The CCP also renewed its interest in the concrete industry after receiving information from an informant. In 2009, the CCP imposed a fine of 6.3 billion rupees ($6.67 million) on the All Pakistan Cement Manufacturers Association ("APCMA") and its members for engaging in collusive behavior. The defendants challenged the fine in court and the case is pending. In January 2012, the CCP conducted a search and inspection of the premises of the APCMA and Kohat Cement to obtain evidence of renewed cartelization in the cement sector. An informant notified the CCP that members of the APCMA allegedly monitored cement dispatches at cement production units, which constituted a key element of a previous collusive arrangement among the cement manufacturers. The CCP further pointed to a rapid increase in the price of concrete during 2010, despite the lack of an apparent external catalyst, and the lack of price reductions since 2010 following adoption of significant sales tax and excise duty reductions.
k) South Africa
On March 26, 2012, South African Airways ("SAA") and Singapore Airlines agreed to pay a combined ZAR 43 million ($5.8 million) in fines to settle allegations that they fixed prices for flights between Johannesburg and Hong Kong. The investigation began in January 2008, when Cathay Pacific came forward with information on the price-fixing scheme in exchange for leniency. SAA agreed to pay ZAR 18 million ($2.5 million) and Singapore Airlines will pay ZAR 25 million ($3.3 million).
In March 2012, the Competition Commission fined Lafarge Industries South Africa, a cement company, ZAR 149 million ($18.2 million) for participating in an industry-wide price-fixing conspiracy with three other concrete producers. Lafarge admitted to entering into agreements and arrangements with Pretoria Portland Cement Company and AfriSam Ltd. to allocate market shares and indirectly fix prices. The conspiracy ultimately extended to Natal Portland Cement Cimpor Ltd. ("NPC-Cimpor"). The Commission initiated an investigation in 2008 and raided all four companies in 2009. This prompted Pretoria Portland to seek leniency and admit to the illegal agreement between the companies. The Commission concluded a settlement with Afrisam in November 2011 for ZAR 125 million ($15.5 million). The Commission's case against NPC-Cimpor remains pending.
Additionally, two oil companies reached settlement agreements in February 2012 following their involvement in bitumen price-fixing arrangements. In March 2010, the Commission referred its findings against the Southern Africa Bitumen Association ("SABITA") and seven major oil companies to the Competition Tribunal. Two of those oil companies, Engen Petroleum and Shell South Africa, agreed to settle for ZAR 28.8 million ($3.5 million) and ZAR 26.3 million ($3.2 million), respectively. In settling, the two companies admitted to collectively determining and agreeing on pricing principles for bitumen with other oil companies. The Commission previously settled with two other participants, Masana and Sabita, in 2010 and 2011. The Commission did not seek fines from Sasol or its subsidiary, Tosas, which received conditional immunity after filing a leniency application.

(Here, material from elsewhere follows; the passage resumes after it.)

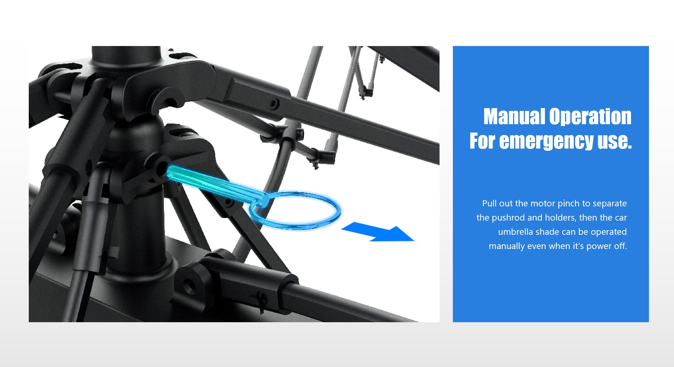 In addition to automatic raising and lowering via remote control, it can also be switched to manual mode at any time to suit different preferences. The optimized motor consumes less energy and is more battery-friendly. The specially designed outdoor tripod structure ensures a more stable installation and allows for quick setup outside the vehicle, facilitating the creation of a temporary sunshade for camping trips.

In April 2012, the Competition Commission referred to the Tribunal a collusion case against ArcelorMittal South Africa Ltd and Highveld Steel and Vanadium Corporation Ltd. The Commission's investigation alleges that the companies had engaged in price fixing and market allocation with respect to flat steel products. It also alleges that they maintained this conduct through information exchanges on sales volumes, which allowed them to monitor and maintain market share and prices through the South African Iron and Steel Institute ("SAISI"). The Commission is requesting a penalty equal to 10 percent of annual turnover from each company.
l) South Korea
South Korea continued its aggressive antitrust enforcement during the first half of 2012. In January 2012, the Seoul High Court affirmed the Korea Fair Trade Commission's ("KFTC") KRW 2.1 billion ($1.8 million) penalty against Thai Airways International. In November 2010, the KFTC cumulatively fined Thai Airways and 15 other air cargo carriers approximately KRW 120 billion ($104 million). It accused the airlines of fixing airfares by introducing or raising fuel surcharges. Thai Airways appealed the imposition of the penalties, but the High Court rejected its demand that the KFTC withdraw the fine.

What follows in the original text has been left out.